A faithful copy is needed of the lines below from the one with "焼きそばソースをかけて、しっかりと混ぜれば出来上がり目がハート (顔)" up to and including the one with "Kortvuxen, grenrik och"; set it down with no pictures and no other lines.

Dataset entries
####################

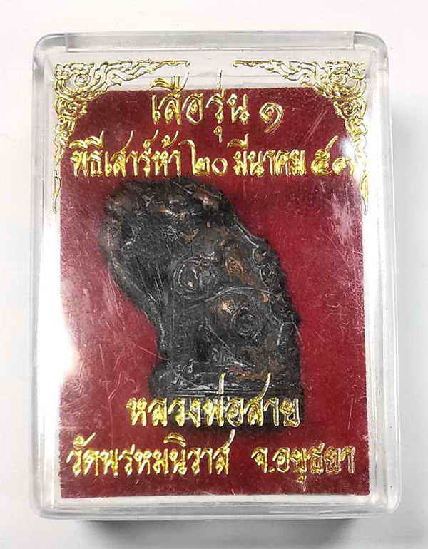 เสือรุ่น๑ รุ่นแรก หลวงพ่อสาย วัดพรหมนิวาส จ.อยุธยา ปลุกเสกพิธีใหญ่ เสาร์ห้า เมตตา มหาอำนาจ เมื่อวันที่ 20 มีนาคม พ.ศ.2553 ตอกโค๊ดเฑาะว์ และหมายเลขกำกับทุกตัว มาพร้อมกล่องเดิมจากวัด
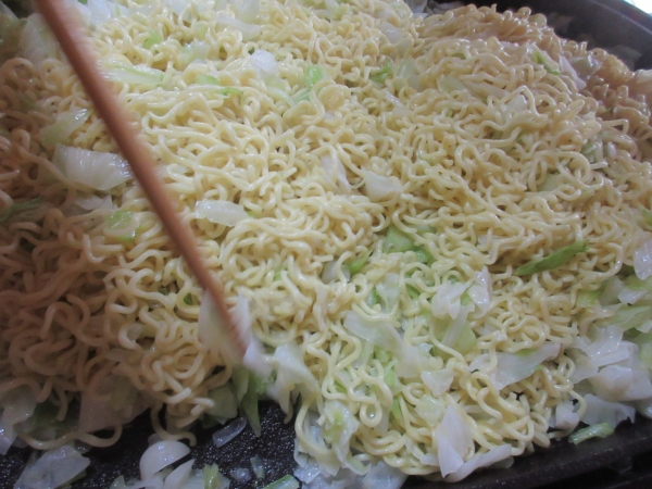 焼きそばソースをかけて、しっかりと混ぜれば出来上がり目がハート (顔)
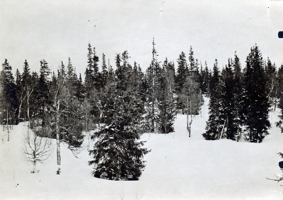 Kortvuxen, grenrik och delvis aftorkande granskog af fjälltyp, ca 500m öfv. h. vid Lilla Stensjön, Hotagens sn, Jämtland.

####################

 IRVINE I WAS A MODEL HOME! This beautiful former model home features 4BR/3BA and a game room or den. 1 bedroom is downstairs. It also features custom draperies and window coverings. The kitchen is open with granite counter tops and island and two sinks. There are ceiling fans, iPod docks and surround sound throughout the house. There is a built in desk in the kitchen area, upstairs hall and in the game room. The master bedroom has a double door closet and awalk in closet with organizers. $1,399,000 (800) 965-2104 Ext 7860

####################

Response area
 焼きそばソースをかけて、しっかりと混ぜれば出来上がり目がハート (顔)
 Kortvuxen, grenrik och delvis aftorkande granskog af fjälltyp, ca 500m öfv. h. vid Lilla Stensjön, Hotagens sn, Jämtland.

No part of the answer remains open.